On the other hand, many of ByteDance's (platform) products have a large number of active users, and user stickiness is often not low. For example, Douyin has more than 700 million daily active users, TikTok has more than 1.1 billion monthly active users, Toutiao has about 400 million monthly active users, and Capcut may have two or three hundred million active usersOther products such as tomato**, watermelon**, tomato listening, Pipi shrimp, understand Chedi, soda**, happiness, live Xiaobang, Feishu (lark), etc., have more than one or two hundred million active users, and as few as millions or tens of millions.
At present, ByteDance has launched several independent AI chatbot products for Internet users, including Doubao, Little Wukong, CICI, and Chitchop. Doubao and Little Wukong are for Chinese users, and CICI and CHITCHOP are for overseas users. In addition, ByteDance's products, such as Toutiao, Jianying, Feishu, etc., are also upgrading the user experience by integrating AI technology. Judging from ByteDance's move to enter the generative artificial intelligence AI, it should focus on the global market, not just the Chinese market.

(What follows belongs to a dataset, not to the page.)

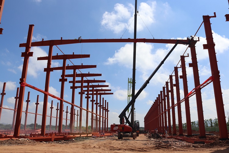 “加速度”推进基地建设。在集团、铜陵市委市政府的关心支持下,安建总承包和长江建投创造条件大干快上,紧盯基地建设目标不放松,克服解决回填土方量大等困难,倒排工期、优化流程,积极整合设计、土建、钢结构、专业设备等资源,推进设计-施工-设备安装等协调互通和联动实施,带动集团所属相关单位产业链发展。全面开展“学党史颂百年华诞、开新局强集团本部”主题实践和“大干100天”劳动竞赛,PC生产工厂主钢构于8月底全部组装完成,在赶工期抢进度的同时,严控技术标准和建设质量,积极引进新技术、新工艺和新设备,推进数字化、智能化等在新基地各环节应用。

Not long ago, there were rumors on the Internet that ByteDance is developing an open platform that will allow users to create their own AI chatbots, which is expected to be rolled out to users as a public beta version by the end of December this year. OpenAI's ChatGPT has already launched the function of creating AI agents to users, which can be easily customized according to their own needs and preferences, such as AI that focuses on Chinese and English translation, AI that is proficient in financial investment, AI that is proficient in a variety of programs, AI that is particularly good at creating certain types of high-quality images, AI that specializes in operating social content, AI that provides legal consulting services, and AI that helps see a doctor and catch medicine...... In short, too much. In addition, ByteDance is also developing an AI image generation tool similar to Midjourney. When it comes to AI image generation, Midjourney is the leading tool.

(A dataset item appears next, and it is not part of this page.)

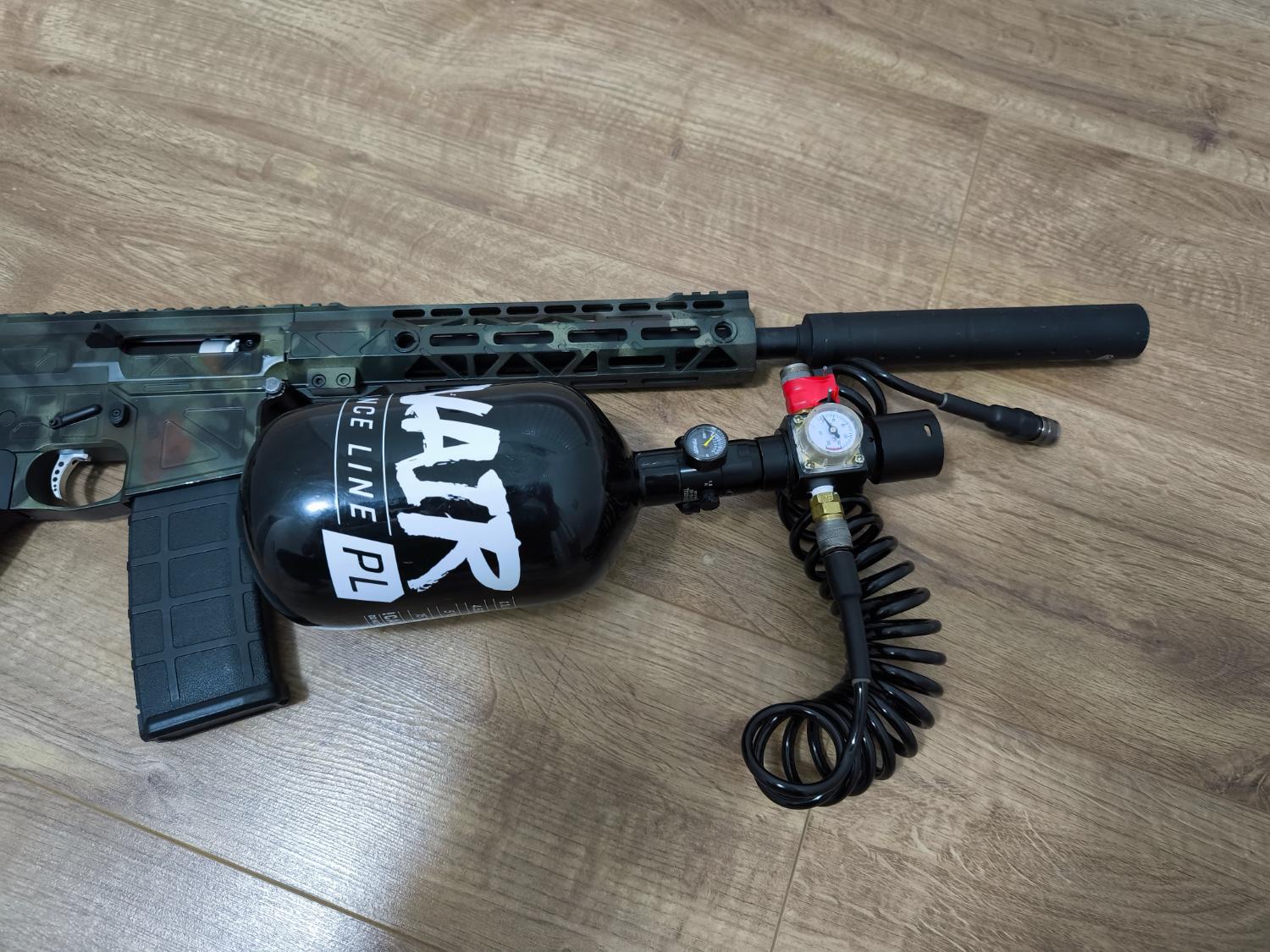 Powerair 68ci carbon tank ballistic reg with ballistic line. one hi cap nuprol mag.

In other words, a tech giant like ByteDance already has a lot of good cards in its hands, and if it is determined to do a good job of AI large language models at a strategic level, it will be very interesting. When ByteDance's AI large language model reaches GPT-4 or above in terms of performance, then ByteDance will hopefully occupy a very important position in this global AI large model competition.

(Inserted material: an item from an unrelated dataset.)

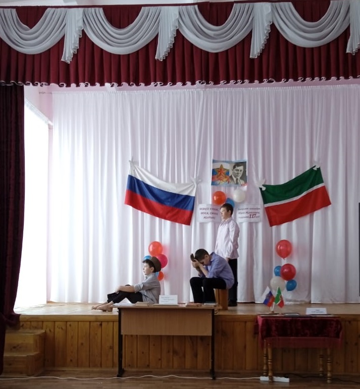Патриотик тәрбия айлыгы дәвам итә. Шушы айлык кысаларында китапханәче патриот шагыйрь Муса Җәлилнең туган көненә багышланган "Мәңге үлмәс, Муса, синең җырын!" дигән әдәби кичә оештырды. Иң элек кыскача шагыйрьнең тормыш юлы, эшчәнлеге белән таныштырды. Кичәнең өлеше шагыйрьнең шигырьләрен сәнгатьле итеп сөйлэү иде. Һәр сыйныф бу бәйгедә актив катнашты. Шулай ук "Җыр өйрәтте мине хөр яшәргэ, һәм үләргә кыю ир булып" дигән шагыйрьнең китапларыннан күргәзмә оештырылды.

According to data from a Feishu document, in November this year, the top five AI chatbots in China were Wenxin Yiyan, iFLYTEK Xinghuo, Ali Tongyi Qianwen, ByteDance Doubao, and Zhipu Qingyan. This alone seems to be a glimpse of the fact that although many domestic companies are making large models in the early days, there should be only a handful of domestic AI large model players who can really be counted on - in the long run, China can have two or three companies like OpenAI to become the base of large models - and finally lead to AGI, which is actually very good. ByteDance is more likely to be one of these two or three companies.
I'm sorting out the release for tech freaks).